Khorgo-Terkhiin Tsagaan Nuur National Park
A magnificent region of extinct volcanoes in Arkhangai aimag features the craterous volcano Khorgo (2965m) and an about 20 km-long fresh-water lake Terkhiin Tsagaan Nuur (Great White Lake) formed when volcanic lava dammed the Suman River, cutting a large gorge through the basalt from a volcanic eruption many millennia ago. A splendid panorama over the whole region and the lake can be seen from the summit of the volcano.
This beautiful lake is excellent for bird-watching and swimming in the summer afternoon. Colonies of wild gees, ducks and swans live here and along Suman River. The river is full of fish including Siberian salmon, pike, perch and gudgeon.
Choidogiin Borgio is another very pleasant spot for walking and fishing, located east of Khorgo, where the Suman River and Chuluut Rivers meet. There are many rock engravings , most of which date from the Bronze Age.
Hustai National Park
About 100 km southwest of Ulaanbaatar, just off the black top road, there is a small island of sand dunes in the middle of a steppe. The dunes themselves are remarkable only for their unexpected existence but behind them, concealed from the road, is a park that contains an animal whose existence is even more remarkable.
Established in 1993, Hustai National Park covers an area of around 50,000 hectares and is one of the two refuges in Mongolia for the once widespread wild horse, or takhi also known as Przewalski horses after the Russian explorer who first penned about the horse. Following years of habitat loss and hunting, wild horses were extinct Mongolia and the last one was spotted in the western Gobi in 1969. However small populations of the takhi were sustained in zoos and wildlife parks around the world.
Over a decade ago, with the support of the Dutch Government and experts, the Mongolian Association for the Conservation of Nature and the Environment brought a small group of horses back to Mongolia. Under the special breeding program more takhis were brought from Australia, Germany and Switzerland. From that modest groups there are now over 150 horses in the park, split into small groups or "harems" each dominated by a single stallion.
The takhis are beautiful and at ease in their natural habitat. They have red brown bodies and white bellies and muzzles, longer heads than other horses and a stocky build. The DNA of the takhi is uniquely different from that of other horses.
Hiking through the hills and mountains of the park is exciting, you will see its inhabitants including takhis, deers, marmots and even wolves.
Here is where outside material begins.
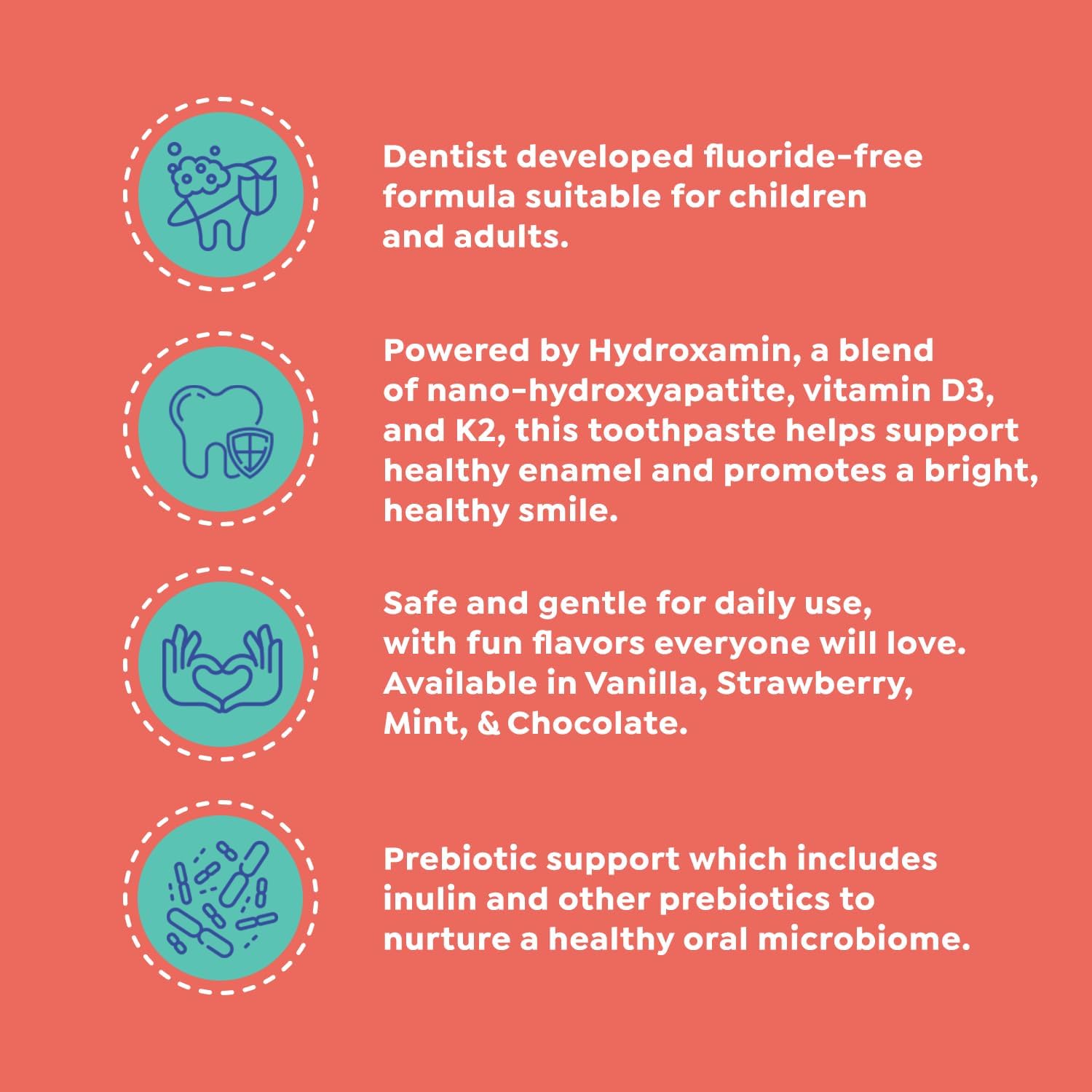 Nano Hydroxyapatite Toothpaste – Fluoride-Free, Remineralizing, Vitamins D3 & K2, Eases Sensitivity, Whitens, Dentist-Developed, Clean Ingredients, Adults & Kids, 4 Flavors

From the top of the hills, the view is superb. For miles and miles in every direction, the blue mountains decorate the horizon in a splendid, unbroken chain.
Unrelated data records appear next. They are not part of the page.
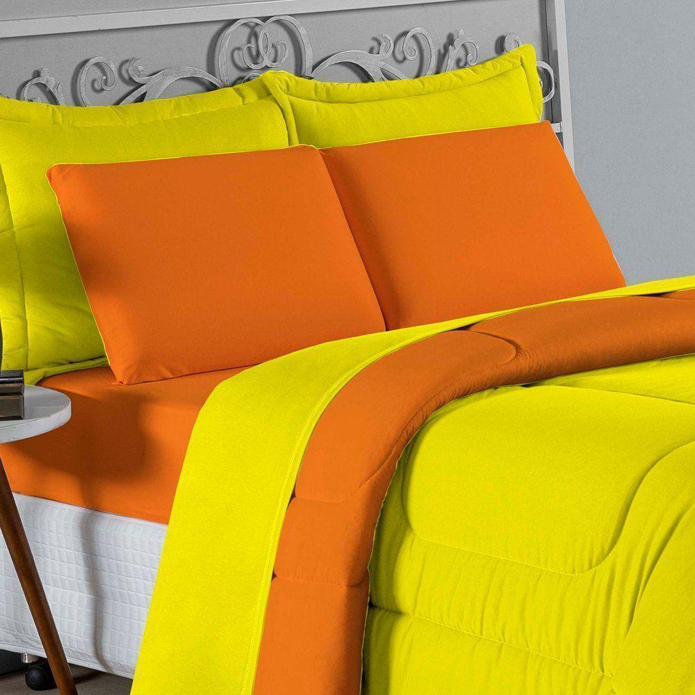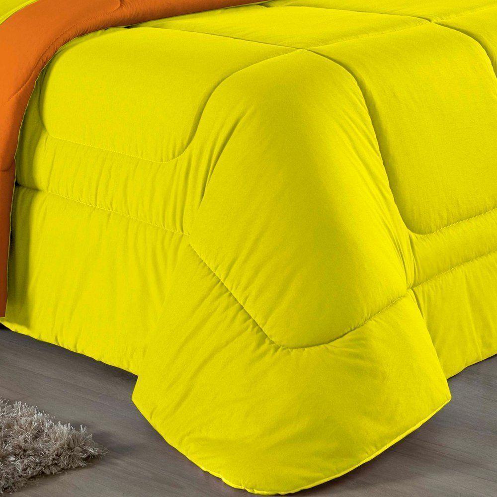 Edredom Queen Nobre 1 Peça Dupla Face 2,20m X 2,40m Malha 100% Algodão - Amarelo / Laranja
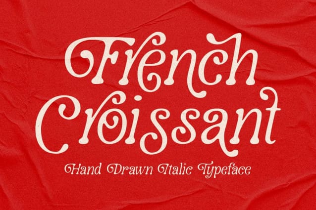 French Croissant Font, presenting a new, very passionate typeface. Yes, this font is hand-drawn with an italic style and is characteristic of various types of letter styles. Very suitable for branding designs, logos, posters, merchandise and more. Grab it to start your Type Game!
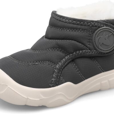 JIASUQI Boys Girls Winter Boots with Faux Fur Lined Toddler Fuzzy Snow Boots Kids Wide Toe Lightweight Winter Shoes for Indoor Outdoor

Situated 80 km away from Ulaanbaatar, Terelj is a part of the Gorkhi-Terelj National Park and a favorite weekend-getaway place for the UB-residents and travelers. At the elevation of 1600 meters, the alpine scenery is magnificent comparable with a museum of natural wealth. The mountain mass Gorkhi with high steeple-like peaks is covered with forest on the northern slopes. This area is rich in the terms of wild life. Visitors can take leisurely strolls on green meadows carpeted with edelweiss and a dazzling variety of other wild flowers, view fascinating rock formations against a backdrop of pine covered mountains and wander along the wooded banks of a mountain stream. Also nearby is Tortoise Rock, a reptile-shaped rock formation created by an ancient glacier - you can climb right inside. There are great opportunities for horse riding, swimming and rafting.